An appointment with Pallid Swifts (Martin Kelsey)

Standing in Trujillo's main square one evening this week, loud screams distracted my quiet contemplation of the socially-distanced groups dining at the pavement cafes. The disturbance came from above. At the rooftops, small bats rolled out from their roosts and fluttered over the tiles. But the sound came from higher still. Only then, squinting hard into the disappearing light of when evening turns to night, did I make out the culprits. A swirling gang, wheeling and dealing swifts, growing in density as if by vortex, others were sucked in. Perhaps there were sixty or so, it was hard to tell. I glanced back to cafes and realised that no one else was peering, stiff-necked, upwards. I was the only one mesmerised by these aerial barracudas. Perhaps no one else had even heard the screams.

Swifts gathering (Martin Kelsey)

Gravity sucked these long, stiff-winged birds downwards, plunging towards the cavities and cracks in the masonry in the 16th century palaces cornering the square. There they would roost. Some of the swifts swooped, as in a victory lap, proudly straight to their chosen spots. Others took on an odd fluttering flight, tentative and unpractised. I wondered if these were juvenile birds.
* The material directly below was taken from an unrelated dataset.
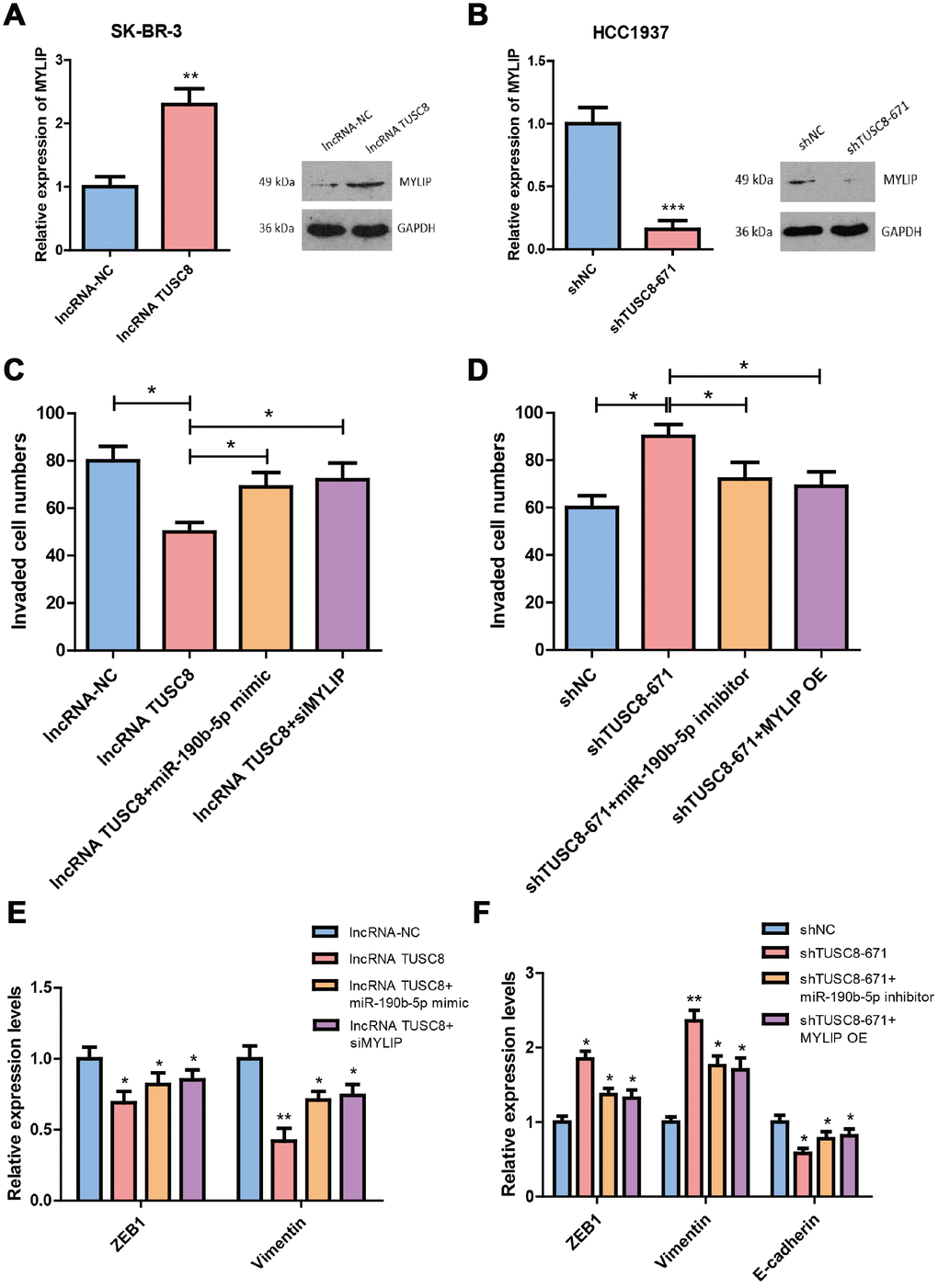 We then explored whether TUSC8 regulates breast cancer metastasis via miR-190b-5p-MYLIP axis. Using RT-PCR assay and western blot, we confirmed that over-expression of TUSC8 significantly increased the mRNA and protein levels of MYLIP in SK-BR-3 cells (p < 0.01) (Figure 7A), and knock-down of TUSC8 drastically suppressed the mRNA and protein levels of MYLIP in HCC1937 cells (p < 0.001) (Figure 7B). These data suggested that MYLIP expression was positively correlated with TUSC8 expression in breast cancer. Additionally, over-expression of TUSC8 reduced the cell invasive capacities and affected EMT related markers expression (down-regulation of ZEB1 and Vimentin) in SK-BR-3 cells. Ectopic expression of miR-190b-5p or MYLIP inhibition partly abolished these effects (p < 0.05, p < 0.01 respectively) (Figure 7C, 7E). Inversely, knock-down of TUSC8 enhanced the cell invasive capacities and affected EMT related markers expression (up-regulation of ZEB1/Vimentin, and down-regulation of E-cadherin) in HCC1937 cells, which were partially rescued by inhibition of miR-190b-5p or MYLIP over-expression (p < 0.05, p < 0.01 respectively) (Figure 7D, 7F).

With darkness, the sound disappeared, but I remained standing, quite exhausted simply as a witness. I vowed to return.

And so it was a dawn today, fifteen minutes before sunrise. There were just three other people in the square, all bemasked. An elderly man sat on a bench, with a stoic gaze. There were two street-cleaners, in hi-visibility jackets, busy beside their small trolly-van. Bats were returning to their roosts and forays of Spotless Starlings, were erupting from the trees in bee-lines to the grasslands out of town. Above the belfry of the Church of St. Martin, above the now empty White Stork nests, higher still, came the sound of screams. And there was the frenzied pack of swifts. They had beaten me to it, up in the sky before I had even entered the square. The light was slowly growing, the sun still below the horizon, but the sky already washed pearly blue, with Venus to the east and the waning moon to the west. From the slightly disyllabic call and their shape, I reckoned that almost all of the swifts were Pallid. This surmise was confirmed as the sun rose and their grey-brown plumage was evident. Indeed, I only saw one sootier Common Swift that I was sure of. 

Morning in the main square of Trujillo (Martin Kelsey)
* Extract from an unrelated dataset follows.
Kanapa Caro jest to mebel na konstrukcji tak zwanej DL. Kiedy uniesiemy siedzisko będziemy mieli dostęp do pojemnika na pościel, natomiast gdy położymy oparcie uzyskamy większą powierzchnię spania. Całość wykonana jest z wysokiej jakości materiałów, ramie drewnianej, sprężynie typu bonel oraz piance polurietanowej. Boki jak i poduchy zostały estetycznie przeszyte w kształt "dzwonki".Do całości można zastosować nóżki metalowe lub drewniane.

The flock started to disperse. Some headed off, whilst others returned, almost to ground level, in their terrifying chases of twos and threes, at breakneck speed and extraordinary in agility, with twists and turns to avoid the sides of buildings, almost ricocheting down the alleys leading off the square. Too fast to follow with binoculars, they left me breathless.

Crag Martins taking in the early morning sun (Martin Kelsey)
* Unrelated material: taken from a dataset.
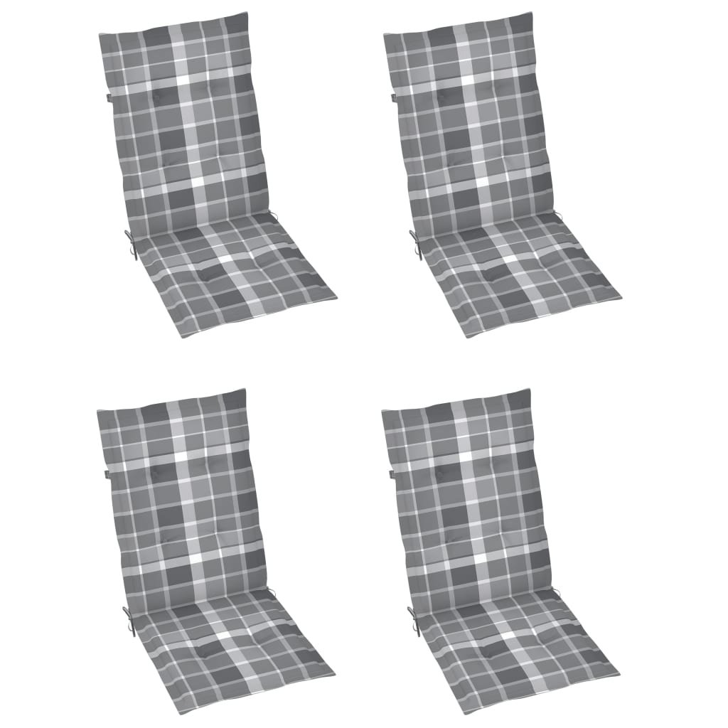 Zahradní židle 4 ks šedé kárované podušky masivní teak 3065544

When my turn came to leave, there were a mere handful of swifts left to watch, whilst on the now sunlit granite walls on the western side of the square, thirty Crag Martins gathered in a loose group to sunbathe and preen, enchanting in their quiet and purposeful busyness.


Sue H said…
That’s a wonderfully evocative description. Thanks Martin. I just wish I’d been there to hear and see those wonderful birds.